2. Materials and Methods

Deep learning models need training data to learn how to use image pixel values to convert to the target output [41]. Hence, the input to the training procedure is a set of bird-scene images and the bounding boxes enclosing the birds inside. The output is a deep neural network trained by optimizing various parameters that minimize the loss function between the network’s output and the corresponding training bounding boxes. After the training phase is complete, the neural network is fixed and ready to blindly predict the birds’ locations and sizes in new input images that are not necessarily from the same scenes that the network has been trained on. Finally, we use this predictive power to map local birds’ diversity distribution. An overview of our approach is shown in Figure 1. The rest of this section is organized in the same processing order.

2.1. Data Collection

We have photographed 3436 natural bird scenes for the purpose of researching a comprehensive bird data collection that contains a large number of species with high within-species and low between-species variance. All photos also hold GPS coordinates as metadata.

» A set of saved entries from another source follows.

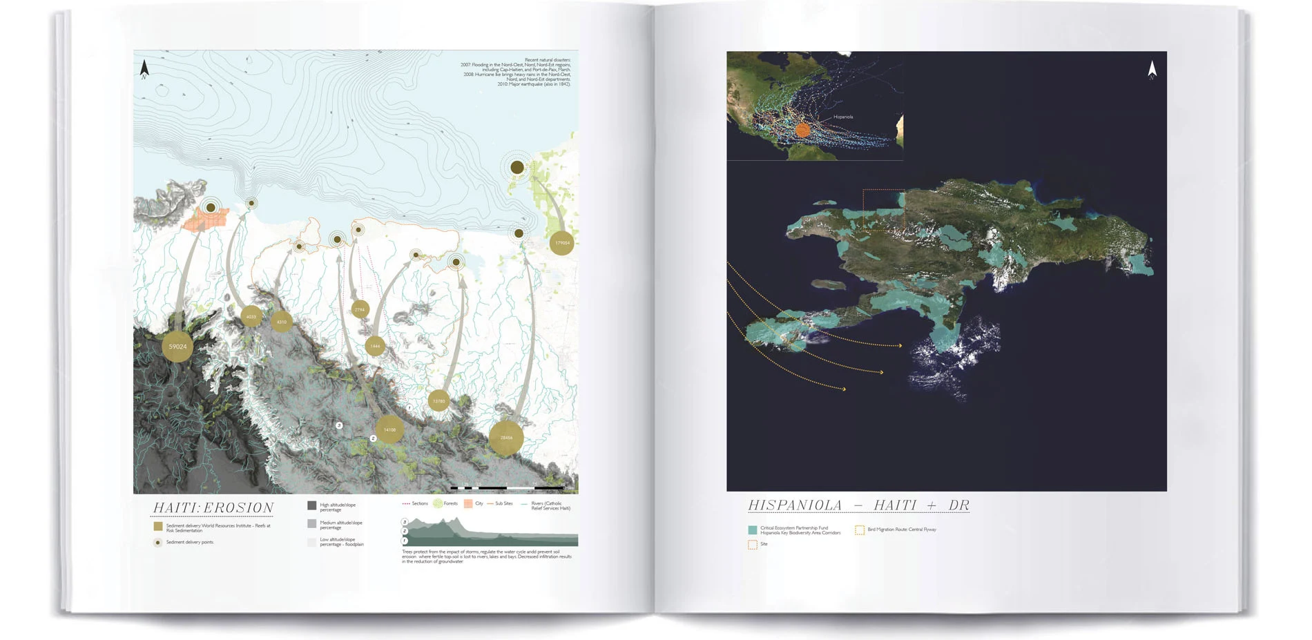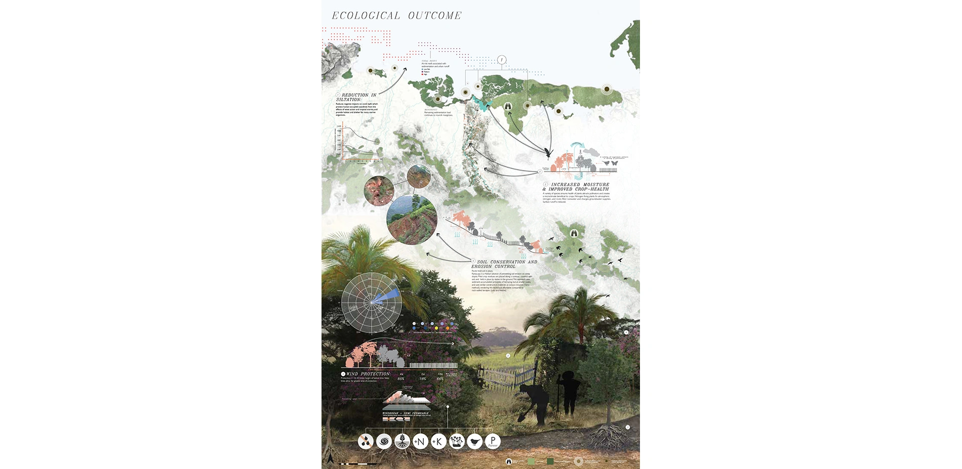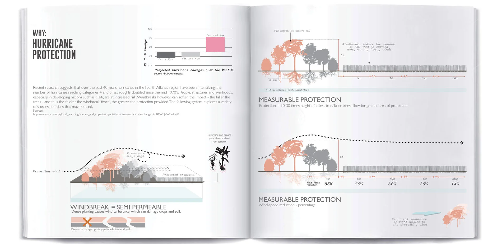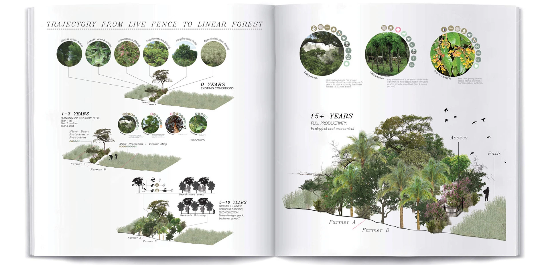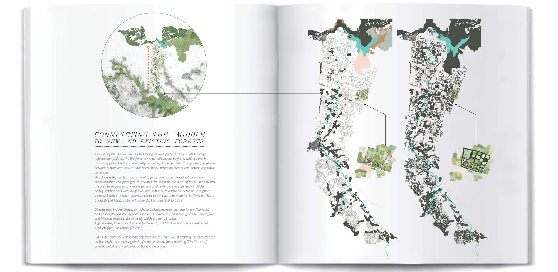 Using Haiti as a prototypical case-study, this project investigates the utilization of live fences as a catalyst for reforestation through the choreographed design of economically and environmentally beneficial linear forests. Specifically situated for subsistence farmers in developing nations, this supportive ‘fabric’ of forests is poly-functional: buffering neighboring crops from damaging winds, improving crop moisture retention, stabilizing and enriching soils, and--critically--providing the raw resources for a diverse portfolio of local, plant-based income generation. In Haiti, 98% of native forests have been removed and 65% of the land is devoted to agricultural use, and where the majority of farms are delineated by a thin 0.5-5m wide live fence.
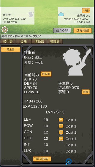 4、在转生者抵达异世界后,点击屏上右下角的“战斗按钮”就会自动战斗,并推进地图进度,即便转生者在冒险途中血量为0,也会只是休息一下后继续战斗,根据击败敌人和所处区域,转生者就会获得EXP并升级。在屏下转生者的菜单中可以分配升级得到的SP,强化转生者在异世界的战斗能力。
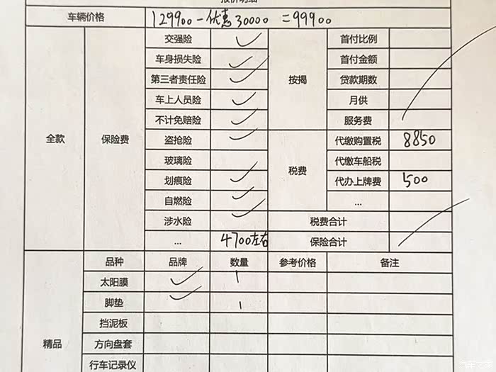 很多人以为谈价格的时候是最难的,其实现在谈价格还是非常简单的。现在在我们这个地区属于限价保护,也就是说,去任何一个4S店,他们的销售优惠价格,包括补贴,基本上都是一致的。所以说在价格方面,基本上差别并不是很大。下面就给大家简单分享一些车辆的价格吧。(裸车价:129900、现金优惠:30000保险:4650、购置税:8850、上牌费:500、落地总价:113950)赠品基本就是脚垫和贴膜,不过送的都一般建议加点价格换好一点的。这就是今年的价格了所有的店基本都差不多所以我觉得转个两三家店就足够了。
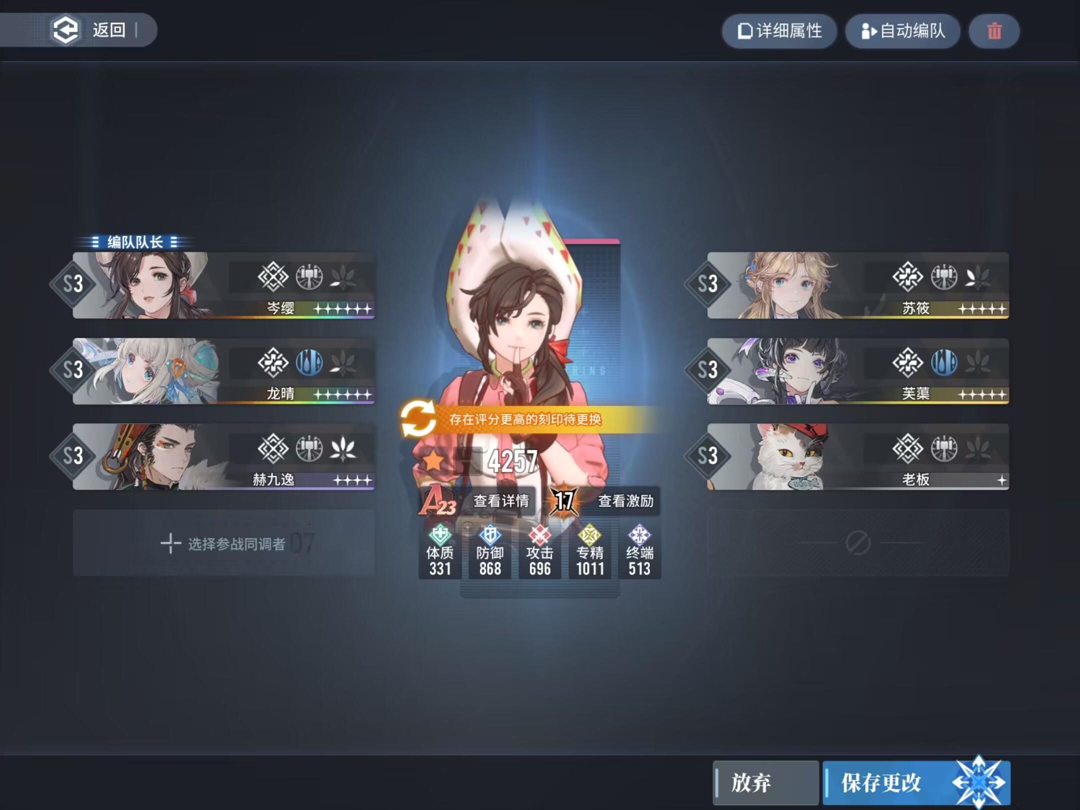 思路是先上老板减次cd换龙晴套盾叠激励,然后芙蕖龙晴在场上奶住,等到岑缨第一个大招快满了龙晴换赫九逸画符,然后放第一个大招被反死,触发苏筱被动放第二个大招游戏结束
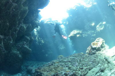 | 光差す水中がキラキラ〜っ☆ さんごいっぱいの海で これまでのダイビングの中で3本の指に入るほど 最高だったそうです(^○^)/ |
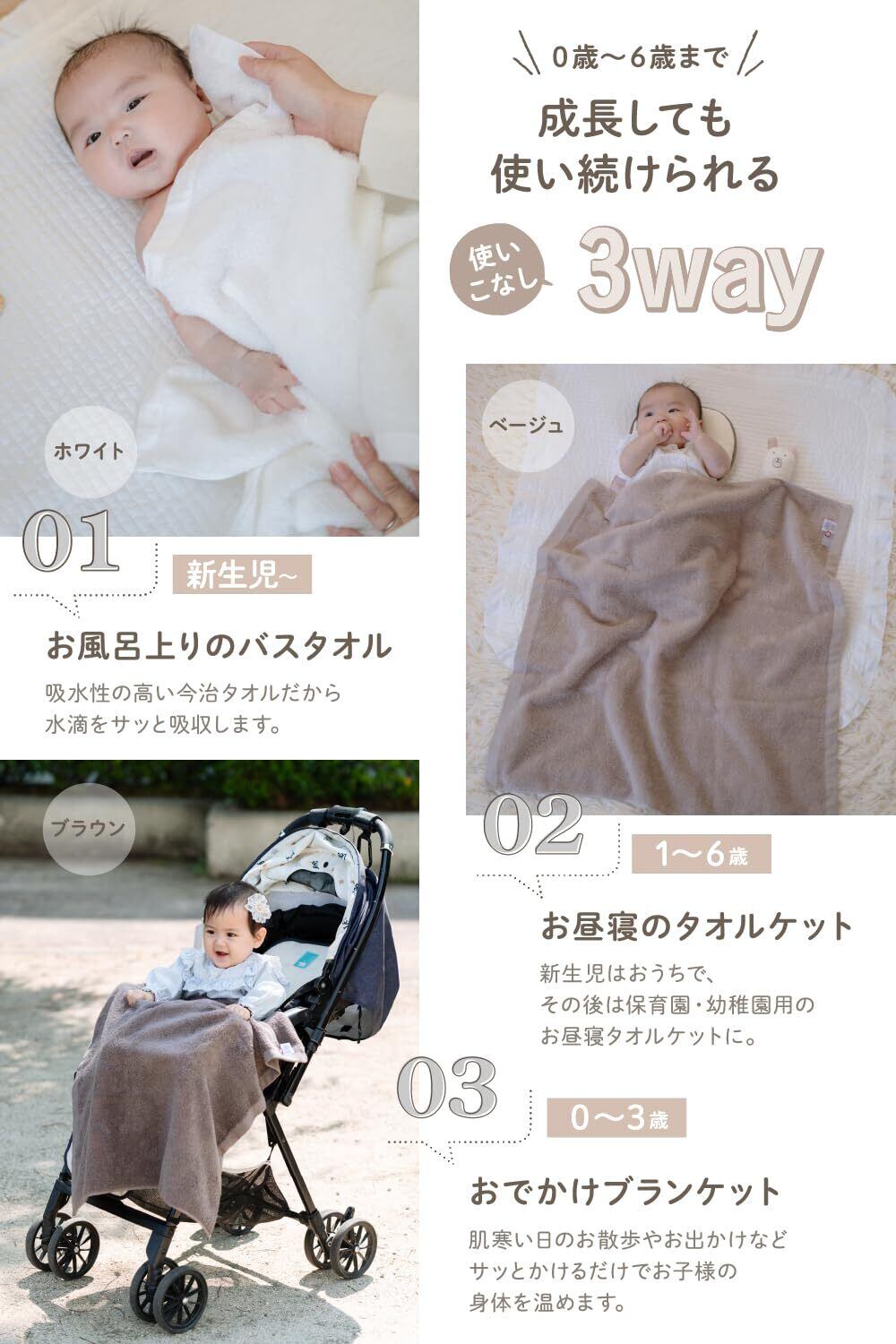 新生児 から6歳まで使える 今治タオル ベビータオル 0歳は 湯上りタオル やお昼寝の ブランケット として。また 保育園 幼稚園 用のお昼寝 ブランケット としてもお使い頂けます。 ※whip whipシリーズのベビーバスローブとタオル生地は異なります。予めご了承ください。
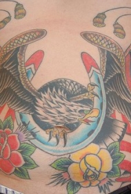 腹部彩色老鹰与美国国旗纹身图案
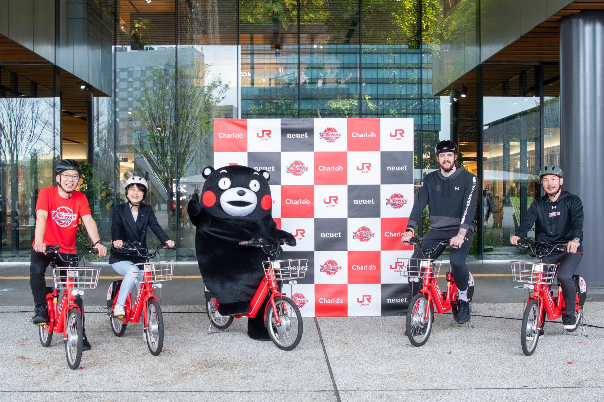既に2022年7月に熊本ヴォルターズとJR熊本シティ、JR熊本支社とでスポーツを通じた地域の活性化を目的に3社連携協定を結んでいます。試合の日には駅の社員が(ヴォルターズの)ユニフォームを着用し、熊本駅のアミュではヴォルターズファンに向けての特典を展開しています。また、neuet株式会社様とは、2022年12月に駅からの二次交通という鉄道会社の課題の解決、環境問題、観光を目的に連携させていただいています。既にチャリチャリのエリア内にあるJRの駅にはすべてポートを設置しています。県立総合体育館にポートができると、特に上熊本駅からはアクセスしやすくなります。たくさんの方が応援に駆け付け、ガンガン勝ちまくる!ということを目指していきたいです。また、Bたいです。リーグには九州に4チームがあります。熊本に応援に来ていただく際に、熊本をたくさん観光していただき

The full photo collection [50] can be downloaded from the Kaggle data repository https://www.kaggle.com/dsv/1193435. There can be from several to thousands of birds per photo summing up to more than 110,000 birds in all photos. The photos were taken at 21 different observation points (OPs) in 12 different cities in Turkey where the majority are migration bottlenecks (i.e., Tekirdağ–Kıyıköy (OP1), Vize (OP2), Balabanlı (OP3), Yalova–Çakıl (OP4), Armutlu (OP11), Afyonkarahisar–Dinar(OP6), Ankara–Sırçasaray barrage OP(21), İstanbul–İstanbul garbage dump (OP7), Çataltepe (OP16), Ömerli wind energy power plant (OP19), Balıkesir–Marmara Island (OP8), Keltepe (OP18), Poyraz Lake (OP20), Çanakkale–Gelibolu-Saros (OP9), Bursa–Harmanlık (OP10), Hatay–Belen (OP13), Şenköy (OP14), Atik (OP15), Mersin–Mut (OP5), Sivas–Kangal-Mağara (OP12), Kırşehir–Geycek (OP17) and at arbitrary times in Spring and Autumn seasons during 10 years period from 2010 to 2019 using ground-based methods. The properties of the camera mostly used in this study are given in Table 1.
Photos have been captured at different resolutions and from different viewpoints. In case it was impossible to photograph all birds in an area with a single shot, multiple photos were taken to span the entire flock of birds while keeping as little overlap as possible across those photos. There exist different backgrounds depending on observation environments, such as the vicinity of water surfaces, beaches, forests and farmlands, hosting various bird habitats, bird activities (e.g., flying birds lead to flat sky backgrounds) and weather conditions. Bird poses may also differ according to lateral or frontal directions and actions such as flying, standing straight and bending. Example images from our bird scene photo collection are shown in Figure 2a. Moreover, each bird might be belonging to one of the following 38 identified species under 11 different orders as shown in Figure 2b.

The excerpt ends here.